Программа, с одной стороны, готовит студентов к умному, рефлексивному участию в групповой работе, коллективному труду. С другой, она учит его исследовать такое коллективное взаимодействие. Это как будто бы взаимоисключающие позиции. Исследовать — это ведь скорее отстраненно наблюдать за происходящим.

Сергей Стеблев: В узком смысле эта оппозиция преодолена довольно давно. Существует, например, фонд “Хамовники”, который дает гранты и публикует исследования, написанные людьми, которые не заканчивали никаких бакалавриатов по философии или экономике, а просто работали в полиции или были пчеловодами. Локальное знание, полученное не из кабинета, а из практики, из реальной жизни, в определенных условиях и занятиях — это ценное знание. Это признано давно. 

Это движение из практиков в академию есть и в России. Но если двигаться из академии в практику, опять же, существует множество подходов к исследованиям, подразумевающих какую-то активную деятельность исследующего. Есть исследовательские подходы, которые видят возможность нового знания, которое возникает именно потому, что человек одновременно находится и действует как вовне, так и внутри — будь то организация или общественное движение. 
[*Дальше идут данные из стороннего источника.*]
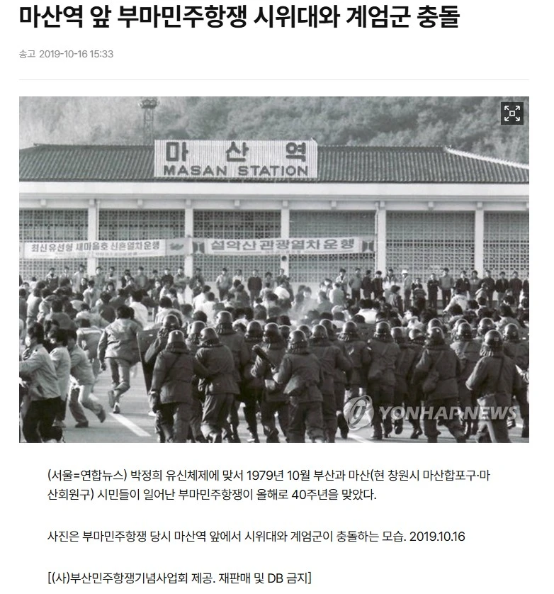 "부마민주항쟁 당시 마산역 앞에서 시위대와 계엄군이 충돌하는 모습"이라는 설명이 붙은 연합뉴스 보도는 명백한 잘못이다. 우선 사진 속에는 '계엄군'이 없다. 진압복을 입은 경찰이다.

Даниил Аронсон: Когда студент проходит нашу практику, я вижу его в первую очередь не как исследователя, а как полноценного участника. И после этого вовлеченного наблюдения, когда дело закончено, есть перерыв, когда можно отрефлексировать произошедшее. Возможно, моветон приводить героические примеры, но именно они у меня в голове. Можно различить два типа исторических личностей: в деятельности одних теория и практика неразрывны, а у других периоды практические и теоретические чередуются. Скажем, есть Ленин, который под конкретную политическую задачу пишет статью или книгу, а есть Цицерон. Какое-то время он заседает в Сенате, а потом уходит от дел и пишет труды по философии или по риторике. Мне кажется, наша программа имитирует именно такой тип биографии — когда периоды деятельности и рефлексии над этой деятельностью чередуются. 
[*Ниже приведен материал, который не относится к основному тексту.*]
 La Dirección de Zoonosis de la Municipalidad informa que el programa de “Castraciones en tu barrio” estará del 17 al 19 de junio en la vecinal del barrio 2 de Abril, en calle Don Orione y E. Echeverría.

Сергей Стеблев: Да, такие  интеллектуальные траектории  – это совсем не редкость. Люди, которые долго где-то работали и что-то поняли изнутри. Мне на ум приходит экономист Майкл Хадсон, который вырос в семье троцкистов, потом работал на Уолл-стрит, и это его подтолкнуло к тому, чтобы потом как экономисту и экономическому историку изучать долговые отношения в древности. 


Почему вам захотелось создать эту программу?

Даниил Аронсон: В процессе работы над программой я получаю возможность задуматься о той сфере своей жизни, где я управляю людьми. Я в разных формах делаю это — организую программу, мастерскую на летней школе. Даже когда работаю редактором в Новом литературном обозрении, там тоже есть эта составляющая.

Есть и мотивация, связанная не с собой, а с другими. Когда ты ведешь курс в университете — просто один курс — ты чувствуешь, что множество вещей невозможно реализовать. Просто по той причине, что это программа, которая уже существовала, например, в государственном вузе, и ты читаешь стандартный курс, который всегда читается, и ты пришел на смену кому-то другому. Не хватает взаимодействия, которое позволяет создать цельное образование. Я надеюсь, что здесь такое сделать получится.

Сергей Стеблев: Мне в первую очередь интересно поучаствовать в создании хорошего бакалавриата. Люди по-разному проходят через эту ступень высшего образования. Кто-то сквозь нее проносится, быстро меняет затем свою жизнь, строит карьеру, куда-то еще уносит человека. А кто-то возвращается и думает — как было в школе, как в университете, что было хорошо, что было плохо. Второе – про меня: образовательные институты — это базовые общественные институты для меня, поэтому я привык думать о том, как их улучшить. 

Но есть мой опыт и все эти размышления, а есть огромное количество впечатлений, которыми со мной делились люди. Я учился в хорошем бакалавриате. Каждый раз, когда я слышу впечатления людей, которые учились на каких-то менее удачных программах, я воспринимаю это близко к сердцу. Мне очень грустно, что четыре года свободы, возможностей, открытости и трансформации, которые в современном мире себе сложно позволить (и во многих странах такое образование возможно лишь за большие деньги), оказываются четырьмя годами ерунды, страданий, возни, разочарований — или просто еще одной ступенью перед тем, когда все, наконец, будет нормально. Когда будет и не школа, и не университет, а пространство, где можно освободиться от давления образовательного института. Создание программы — это возможность сделать так, чтобы четыре года для какого-то количества людей прошли хорошо. 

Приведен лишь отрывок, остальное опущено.